Having so decided, the effect of the inclusion of such a clause in the Award without the right to substitute days would nullify, for public sector employees, the Government's decision to transfer the Boxing Day 1987 holiday to 25 January 1988. The Government in those circumstances would have to make application to vary the Award to seek a provision enabling its decision to stand, or alternatively, make some other arrangement in relation to 25 January 1988. However that may be, we note that the proposal is to reduce the number of standard holidays in 1987 and presumably increase by one the number of paid public holidays to be observed in 1988. We wonder what accounting problems may result, having regard for the number of extra days added to shift workers' leave each year. We also question the calculation of casual rates for the same reason.

We also question whether a named traditional holiday can be cancelled and replaced by another differently identified day, to be observed on an ad hoc basis.

Nevertheless, in considering this aspect, we are of the view that we should not, in these circumstances, differentiate between what will take place in the private sector and what is proposed for public sector employees.

The right to transfer a holiday for private sector employees is given by the Bank Holidays Act 1919. In relation to public sector employees bound by Federal awards the right is given in most cases by a proviso in the public holidays clause, although it is generally qualified to the extent that the agreement of the parties is necessary.

We therefore believe that a proviso should be included in the new clause which reads:

"But if any other day be, by State Act of Parliament or State proclamation, substituted for any of the above mentioned holidays, the day so substituted shall be observed."

If our assessment of the situation is correct, we believe the underlying concern of the applicants in this matter is the Government's decisions over recent years to force the taking of more than three days' annual leave over the Christmas, New Year break. If that assessment is accurate we encourage discussion between the parties to endeavour to reach an amicable on-going arrangement. Failing such an arrangement being achieved, we invite applications which could be used as vehicles in this Commission to resolve that issue.

Recreation Leave Allowance Ceiling

Applications T.967 and T.1016 of 1987 seek to amend Clause 8M Recreation Leave Allowance, subclause (b) by deleting the figure $393 and inserting in lieu the figure $429.

The figure $393 represents the current maximum amount of annual leave allowance that can be paid to an employee.

The Minister's initial position in relation to this matter was one of expressing no opposition to the claim.

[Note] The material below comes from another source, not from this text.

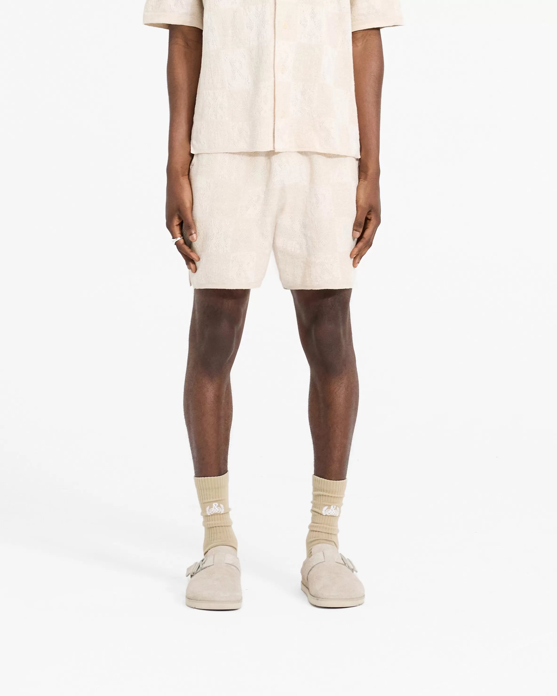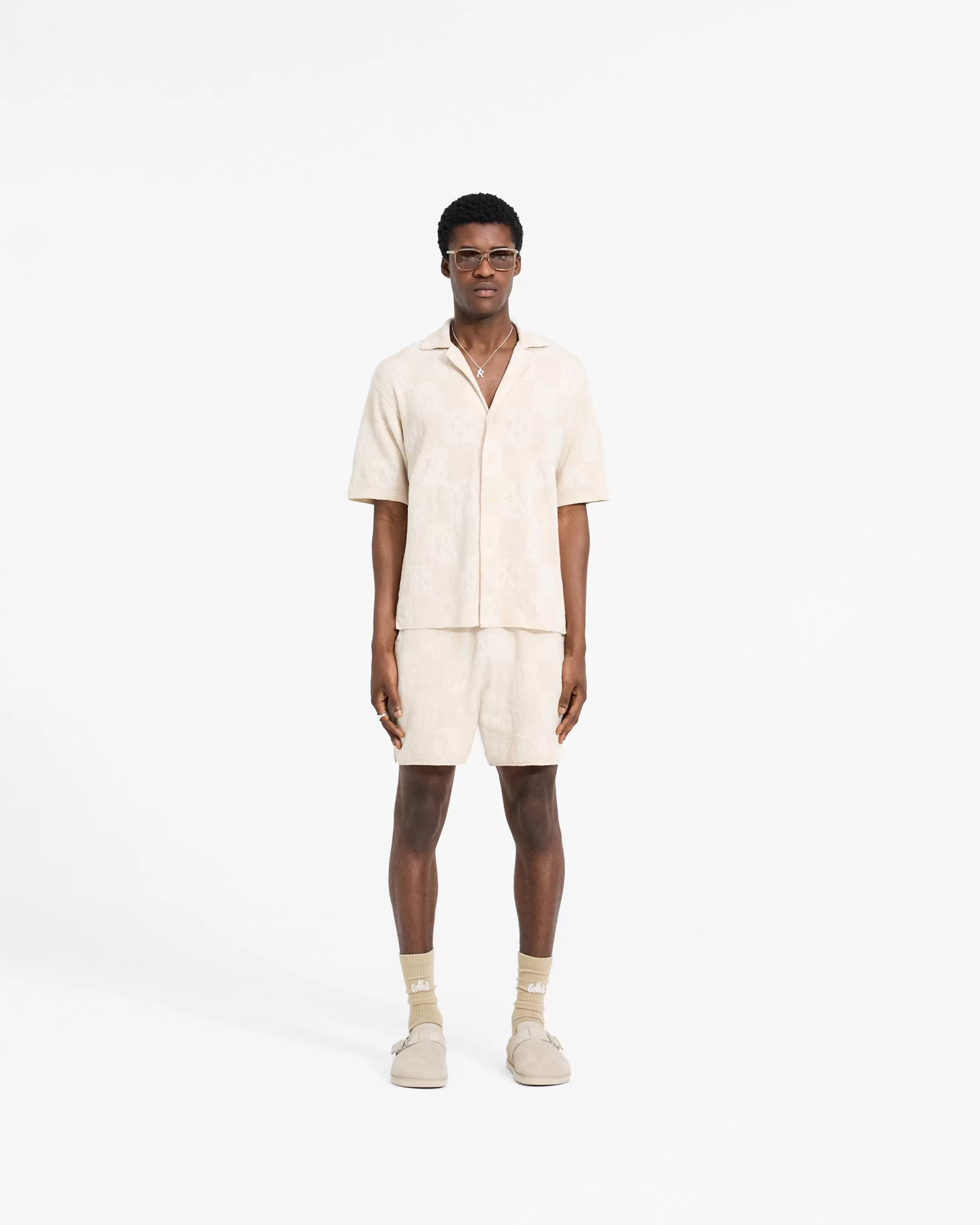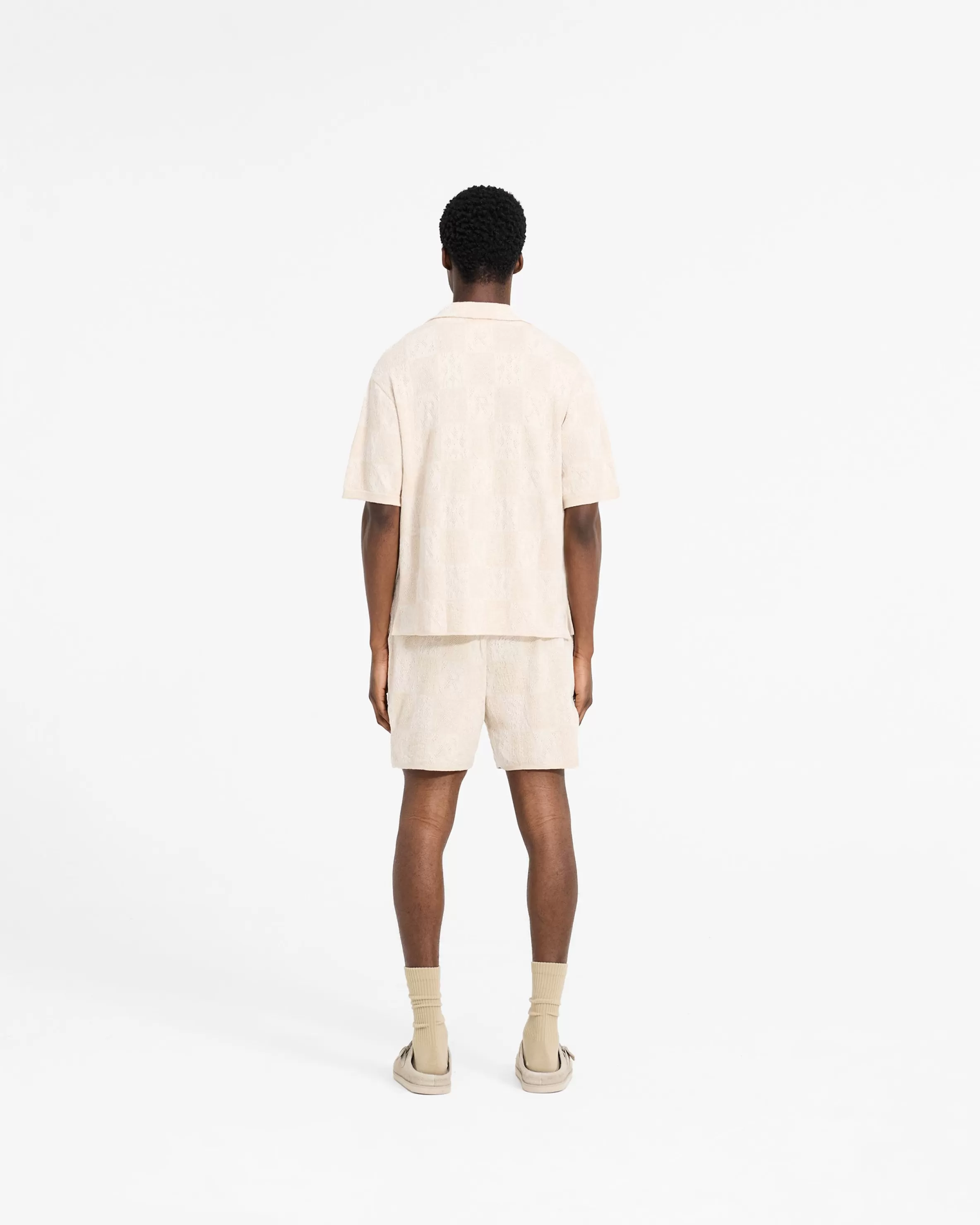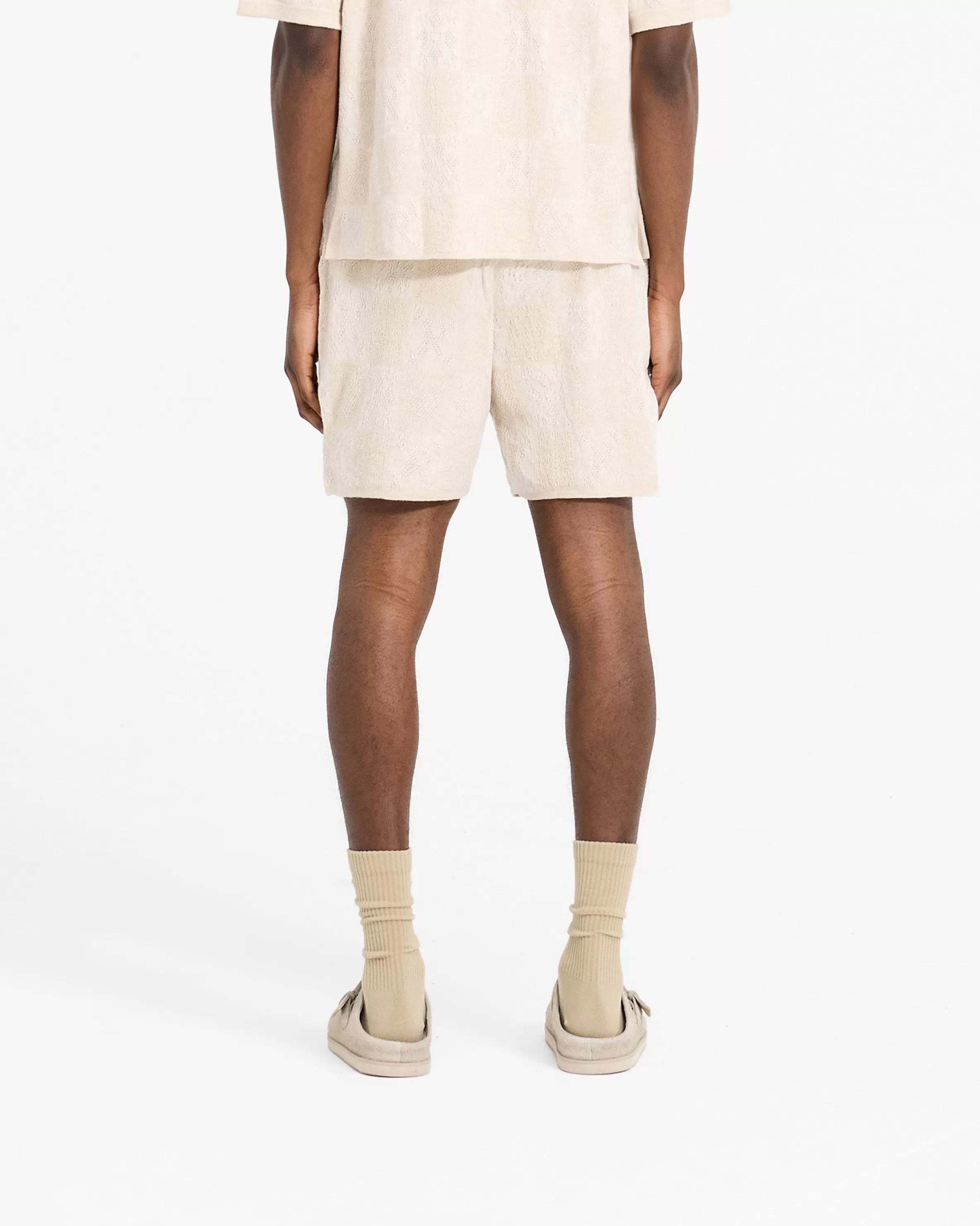 Introducing the Crochet Knit Shorts, a relaxed and drapey short style, crafted from a lightweight crochet knit fabric. The shorts feature a checkerboard intarsia Initial pattern throughout the garment. Crochet Knit Short Slightly Oversized u0026amp; Drapey Lightweight Crochet Fabric Intarsia Initial Pattern Composition: 100% Cotton Model is 182cm and 73kg wearing size MProduct

However, following an invitation from the Commission the parties addressed alternative methods of increasing the allowance other than by adjusting it in accordance with CPI movements, which we believe would not accord with current Wage Fixing Principles.

Having considered the various options we believe the most appropriate method of adjustment is to tie the calculation of the maximum to an existing salary level. Such an approach will ensure that the maximum recreation leave allowance figure does not receive a disproportionately greater increase than is represented by general wage movements. Additionally it will remove the necessity for a separate application being lodged to adjust the allowance, each time there is a National or other general wage adjustment.

Adjustment on the above basis does no violence to the Wage Fixing Principles.

We direct the parties to prepare a draft order reflecting the intent of this decision and furnish it to us as soon as is practicable. The date of operation of the order will be the first pay period commencing on or after the date of this decision.